Data replication is not a substitute for backup and recovery procedures. If data is important enough to be replicated then it also needs to be backed-up.

Mozy Pro Prices Increasing Dramatically

According to an Information Week article on Feb 27, EMC has announced new pricing for it's online backup service Mozy Pro. Under the new pricing a SOHO customer with 1 server and 10GB of data will increase from $8.95/mo to $24.95/mo. A 100GB customer will pay $224.50/mo, up from $89.50.

I am sure a lot of people are thinking that EMC is screwing up Mozy. I don't think we should blame EMC for this. Long before EMC came into the picture Mozy has been giving away free and dirt-cheap online backup accounts. This was a very effective marketing strategy for Mozy. They amassed a customer base in the hundreds of thousands, most paying nothing and others paying relatively small amounts. That business model can't be sustainable for the long-term. I think Mozy's plan from the onset was to build a big customer base with the free accounts, and then sell the company and make a ton of money for the management and VC investors. Seeing how EMC bought Mozy for $76M last fall, I would say they accomplished their goal.

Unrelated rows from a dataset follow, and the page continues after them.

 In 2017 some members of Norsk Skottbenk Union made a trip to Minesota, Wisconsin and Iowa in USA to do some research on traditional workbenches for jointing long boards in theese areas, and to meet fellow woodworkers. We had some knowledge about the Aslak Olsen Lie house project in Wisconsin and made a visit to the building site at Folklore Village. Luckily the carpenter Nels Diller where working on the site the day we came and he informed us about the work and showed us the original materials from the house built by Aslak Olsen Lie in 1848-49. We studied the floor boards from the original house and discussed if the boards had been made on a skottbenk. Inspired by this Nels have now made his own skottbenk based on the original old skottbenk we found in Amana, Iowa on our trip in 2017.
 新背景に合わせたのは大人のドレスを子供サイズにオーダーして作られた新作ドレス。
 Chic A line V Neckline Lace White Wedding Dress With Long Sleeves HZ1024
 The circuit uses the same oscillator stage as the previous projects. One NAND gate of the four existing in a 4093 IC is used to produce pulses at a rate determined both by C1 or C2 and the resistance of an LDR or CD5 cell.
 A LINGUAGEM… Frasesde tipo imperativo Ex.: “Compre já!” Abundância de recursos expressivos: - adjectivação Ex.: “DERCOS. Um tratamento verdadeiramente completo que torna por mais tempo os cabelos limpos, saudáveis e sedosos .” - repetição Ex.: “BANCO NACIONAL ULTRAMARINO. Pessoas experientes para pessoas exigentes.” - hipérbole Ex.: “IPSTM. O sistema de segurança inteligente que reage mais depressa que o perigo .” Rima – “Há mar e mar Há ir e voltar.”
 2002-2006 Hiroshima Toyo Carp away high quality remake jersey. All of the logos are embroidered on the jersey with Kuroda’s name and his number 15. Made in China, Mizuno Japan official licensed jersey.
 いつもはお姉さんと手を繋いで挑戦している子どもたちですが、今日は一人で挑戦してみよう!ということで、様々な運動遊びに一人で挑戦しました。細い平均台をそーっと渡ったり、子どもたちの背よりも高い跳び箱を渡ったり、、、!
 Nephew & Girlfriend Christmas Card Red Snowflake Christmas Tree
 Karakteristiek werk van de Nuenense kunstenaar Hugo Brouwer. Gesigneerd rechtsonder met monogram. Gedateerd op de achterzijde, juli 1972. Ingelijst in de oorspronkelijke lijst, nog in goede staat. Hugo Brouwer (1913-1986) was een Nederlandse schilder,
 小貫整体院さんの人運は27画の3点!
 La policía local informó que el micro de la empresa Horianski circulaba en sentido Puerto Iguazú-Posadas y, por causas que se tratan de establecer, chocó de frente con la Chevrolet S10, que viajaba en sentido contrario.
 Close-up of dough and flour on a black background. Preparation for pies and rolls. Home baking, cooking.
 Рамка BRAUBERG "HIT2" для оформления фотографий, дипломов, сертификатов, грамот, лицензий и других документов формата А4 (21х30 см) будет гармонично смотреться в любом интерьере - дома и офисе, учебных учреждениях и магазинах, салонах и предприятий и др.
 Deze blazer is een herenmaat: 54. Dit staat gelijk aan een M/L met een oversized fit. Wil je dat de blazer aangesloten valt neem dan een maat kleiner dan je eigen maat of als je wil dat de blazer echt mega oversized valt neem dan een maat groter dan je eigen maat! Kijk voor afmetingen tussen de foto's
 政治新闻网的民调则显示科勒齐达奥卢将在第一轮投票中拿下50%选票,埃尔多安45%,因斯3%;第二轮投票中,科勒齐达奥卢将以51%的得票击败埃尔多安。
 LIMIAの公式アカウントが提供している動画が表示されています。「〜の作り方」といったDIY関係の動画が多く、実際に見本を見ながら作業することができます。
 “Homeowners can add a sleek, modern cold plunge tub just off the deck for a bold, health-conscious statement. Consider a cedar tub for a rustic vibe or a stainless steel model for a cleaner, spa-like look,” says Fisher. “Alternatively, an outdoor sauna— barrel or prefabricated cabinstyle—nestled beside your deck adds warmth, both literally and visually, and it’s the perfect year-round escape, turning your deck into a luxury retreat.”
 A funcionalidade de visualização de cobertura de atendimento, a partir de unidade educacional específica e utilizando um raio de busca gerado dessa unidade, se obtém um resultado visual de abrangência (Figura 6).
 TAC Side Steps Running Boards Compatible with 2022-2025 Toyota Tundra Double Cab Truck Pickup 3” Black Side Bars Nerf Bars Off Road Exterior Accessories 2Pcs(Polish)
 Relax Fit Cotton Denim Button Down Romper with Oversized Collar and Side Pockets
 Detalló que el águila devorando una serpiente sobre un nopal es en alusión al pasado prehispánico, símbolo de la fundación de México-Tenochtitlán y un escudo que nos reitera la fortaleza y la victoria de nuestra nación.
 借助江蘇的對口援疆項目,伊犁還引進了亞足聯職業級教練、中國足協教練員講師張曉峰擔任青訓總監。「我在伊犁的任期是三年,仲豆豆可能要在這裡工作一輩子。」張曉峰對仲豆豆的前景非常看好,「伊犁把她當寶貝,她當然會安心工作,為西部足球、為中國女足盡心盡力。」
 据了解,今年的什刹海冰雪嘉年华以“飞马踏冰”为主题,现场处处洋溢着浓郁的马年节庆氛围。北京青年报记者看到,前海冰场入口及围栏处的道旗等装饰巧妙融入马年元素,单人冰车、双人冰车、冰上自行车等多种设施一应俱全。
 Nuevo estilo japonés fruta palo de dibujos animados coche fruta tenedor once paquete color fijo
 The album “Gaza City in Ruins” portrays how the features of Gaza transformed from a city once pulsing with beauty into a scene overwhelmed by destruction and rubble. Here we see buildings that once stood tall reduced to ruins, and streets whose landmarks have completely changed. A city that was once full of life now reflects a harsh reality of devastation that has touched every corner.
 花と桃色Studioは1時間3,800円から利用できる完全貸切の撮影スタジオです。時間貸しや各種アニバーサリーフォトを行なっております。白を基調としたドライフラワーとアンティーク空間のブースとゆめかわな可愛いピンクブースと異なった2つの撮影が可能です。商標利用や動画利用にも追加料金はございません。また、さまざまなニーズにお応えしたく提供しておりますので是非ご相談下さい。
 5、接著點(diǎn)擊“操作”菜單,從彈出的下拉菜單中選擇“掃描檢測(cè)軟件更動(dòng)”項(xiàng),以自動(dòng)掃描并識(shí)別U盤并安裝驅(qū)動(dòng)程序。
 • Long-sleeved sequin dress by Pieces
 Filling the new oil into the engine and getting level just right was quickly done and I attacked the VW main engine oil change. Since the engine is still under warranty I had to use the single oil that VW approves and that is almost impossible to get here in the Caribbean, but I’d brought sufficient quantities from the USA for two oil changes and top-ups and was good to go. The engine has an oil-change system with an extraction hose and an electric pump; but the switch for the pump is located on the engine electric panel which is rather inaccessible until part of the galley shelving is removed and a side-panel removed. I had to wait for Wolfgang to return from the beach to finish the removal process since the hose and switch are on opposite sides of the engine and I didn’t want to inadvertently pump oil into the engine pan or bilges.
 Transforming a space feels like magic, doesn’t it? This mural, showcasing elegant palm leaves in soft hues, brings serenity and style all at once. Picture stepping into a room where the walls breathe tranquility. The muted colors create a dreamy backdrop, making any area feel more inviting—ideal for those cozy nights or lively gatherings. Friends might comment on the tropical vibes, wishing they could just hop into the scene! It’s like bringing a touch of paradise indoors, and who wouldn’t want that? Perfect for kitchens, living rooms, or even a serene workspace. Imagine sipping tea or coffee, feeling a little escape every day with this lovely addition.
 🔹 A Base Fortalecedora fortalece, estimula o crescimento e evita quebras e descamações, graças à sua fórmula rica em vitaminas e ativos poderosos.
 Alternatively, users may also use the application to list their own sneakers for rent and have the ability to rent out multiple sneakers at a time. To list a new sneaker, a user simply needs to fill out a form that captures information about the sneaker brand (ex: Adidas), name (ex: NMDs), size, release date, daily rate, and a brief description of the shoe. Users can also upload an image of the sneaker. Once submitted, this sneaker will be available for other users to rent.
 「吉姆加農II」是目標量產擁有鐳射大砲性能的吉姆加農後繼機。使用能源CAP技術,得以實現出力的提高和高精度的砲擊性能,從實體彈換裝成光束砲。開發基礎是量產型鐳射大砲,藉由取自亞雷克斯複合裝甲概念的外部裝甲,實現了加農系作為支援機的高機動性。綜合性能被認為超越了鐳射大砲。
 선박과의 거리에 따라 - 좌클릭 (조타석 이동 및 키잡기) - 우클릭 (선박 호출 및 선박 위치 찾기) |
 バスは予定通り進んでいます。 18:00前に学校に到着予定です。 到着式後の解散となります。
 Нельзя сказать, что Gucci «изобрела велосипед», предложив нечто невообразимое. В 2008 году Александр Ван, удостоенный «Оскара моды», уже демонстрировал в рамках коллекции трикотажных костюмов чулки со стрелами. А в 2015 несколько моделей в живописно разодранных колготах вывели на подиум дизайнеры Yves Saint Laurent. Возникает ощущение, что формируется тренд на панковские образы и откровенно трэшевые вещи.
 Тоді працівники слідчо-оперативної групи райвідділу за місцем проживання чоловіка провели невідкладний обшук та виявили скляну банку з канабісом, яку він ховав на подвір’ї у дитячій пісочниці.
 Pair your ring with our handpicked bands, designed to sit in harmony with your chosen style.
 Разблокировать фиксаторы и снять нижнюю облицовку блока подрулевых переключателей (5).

EMC didn't buy Mozy to give away free accounts and dirt-cheap backup services. They probably don't have any intentions of selling the business either. I would have to believe that EMC intends to turn the Mozy business into a profit for their shareholders. I would also expect the other Mozy offerings to be adjusted with that goal in mind as well. Don't blame EMC for this, they are not the ones that created a business model that was designed to suck up market share and then sell the business.

Using Online Backup for Offsite Storage Needs

Magnetic tapes have been the preferred media for backing up data for about four decades. Tapes were used for backup when programs and data were stored on Hollerith punch cards. The tapes and machinery have changed many times over the years, but tape is still the most widely used backup media in 2008.

Over the past several years, many organizations have migrated toward disk-based backup systems. Disk-based systems are more reliable than tapes and they have become less expensive to own. Although there are clear advantages to disk-based backup systems, many organizations have large investments in tape backup hardware and media as well as software and processes. Some CIO's and IT directors are reluctant to scrap their investments in tape backup systems and convert over to disk-based systems. Disk-based backup has only recently become cost-effective and widely accepted, but it still does not have the long-term history that tape-based system have.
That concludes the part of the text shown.